• [WHAT TO PRODUCE] All the lines below need to be output exactly, apart from any images.

• [INPUT DATA]
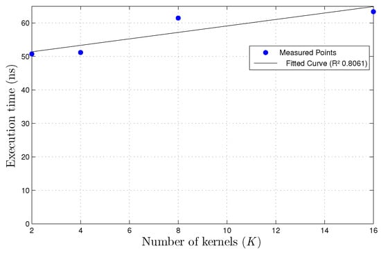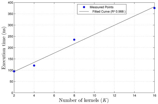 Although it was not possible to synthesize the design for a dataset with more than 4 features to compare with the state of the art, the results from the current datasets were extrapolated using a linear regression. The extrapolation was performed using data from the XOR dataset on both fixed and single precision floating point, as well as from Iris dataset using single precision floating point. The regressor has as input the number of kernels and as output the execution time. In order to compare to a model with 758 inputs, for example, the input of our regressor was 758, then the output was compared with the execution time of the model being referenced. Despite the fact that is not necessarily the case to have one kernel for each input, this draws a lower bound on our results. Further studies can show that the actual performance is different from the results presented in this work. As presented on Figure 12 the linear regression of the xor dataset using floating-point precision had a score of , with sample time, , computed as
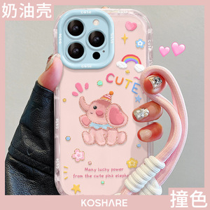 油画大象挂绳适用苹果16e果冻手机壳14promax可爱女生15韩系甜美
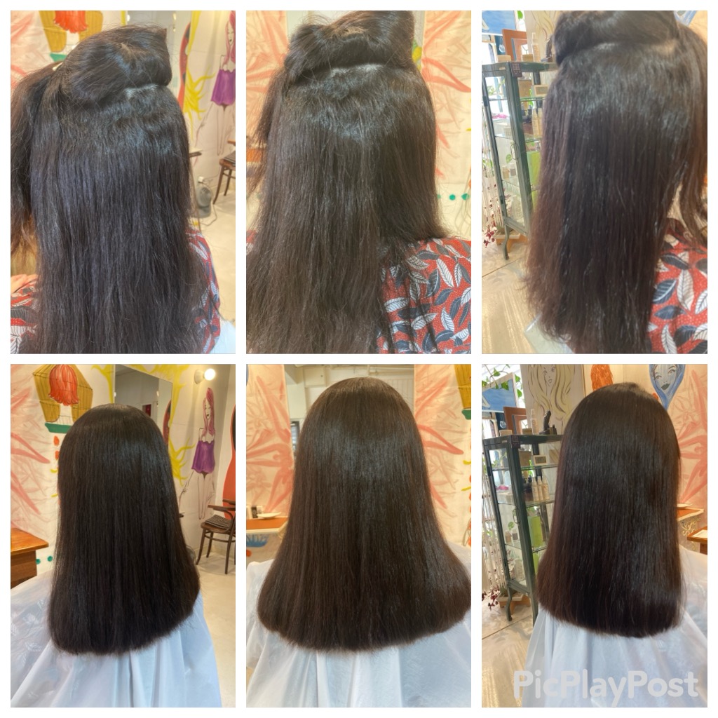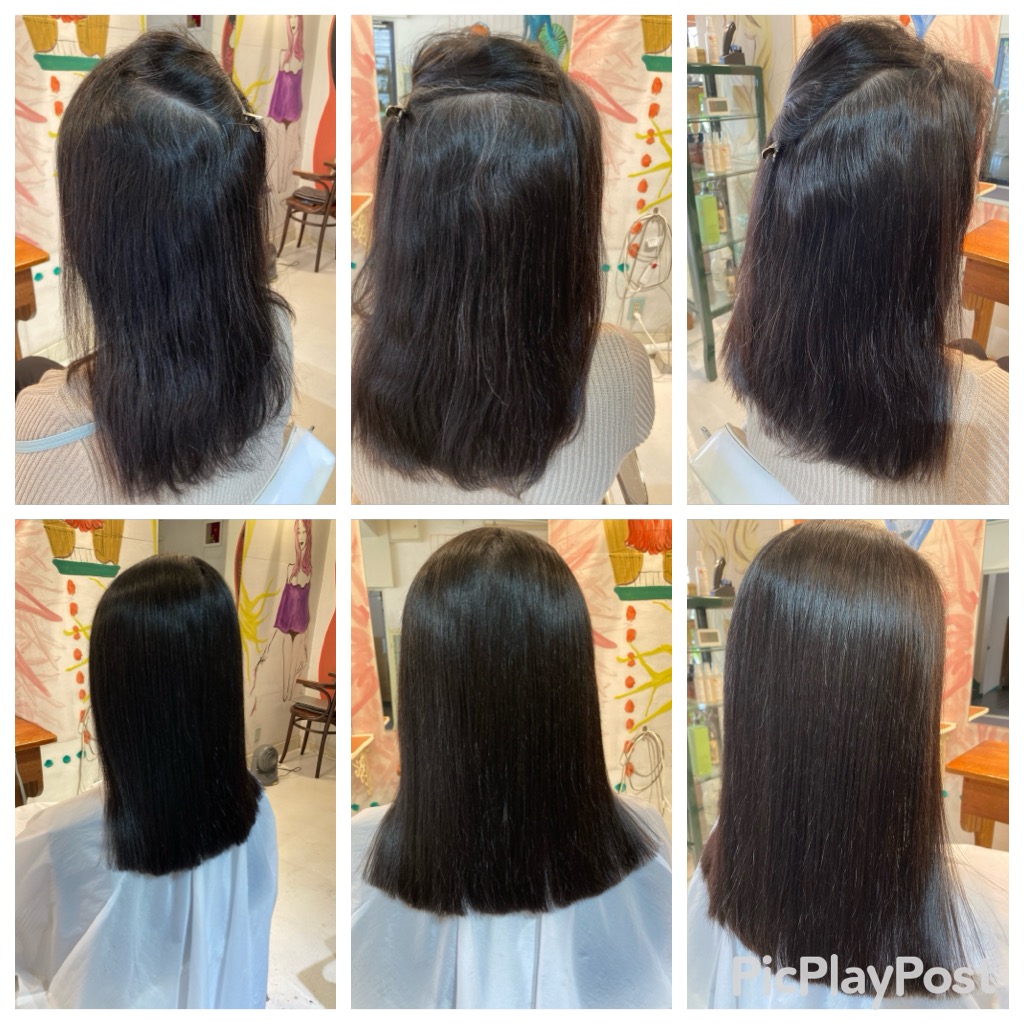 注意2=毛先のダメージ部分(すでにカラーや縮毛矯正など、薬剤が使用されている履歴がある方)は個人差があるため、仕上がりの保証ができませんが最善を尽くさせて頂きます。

• [TASK ANSWER]
 Although it was not possible to synthesize the design for a dataset with more than 4 features to compare with the state of the art, the results from the current datasets were extrapolated using a linear regression. The extrapolation was performed using data from the XOR dataset on both fixed and single precision floating point, as well as from Iris dataset using single precision floating point. The regressor has as input the number of kernels and as output the execution time. In order to compare to a model with 758 inputs, for example, the input of our regressor was 758, then the output was compared with the execution time of the model being referenced. Despite the fact that is not necessarily the case to have one kernel for each input, this draws a lower bound on our results. Further studies can show that the actual performance is different from the results presented in this work. As presented on Figure 12 the linear regression of the xor dataset using floating-point precision had a score of , with sample time, , computed as
 油画大象挂绳适用苹果16e果冻手机壳14promax可爱女生15韩系甜美
 注意2=毛先のダメージ部分(すでにカラーや縮毛矯正など、薬剤が使用されている履歴がある方)は個人差があるため、仕上がりの保証ができませんが最善を尽くさせて頂きます。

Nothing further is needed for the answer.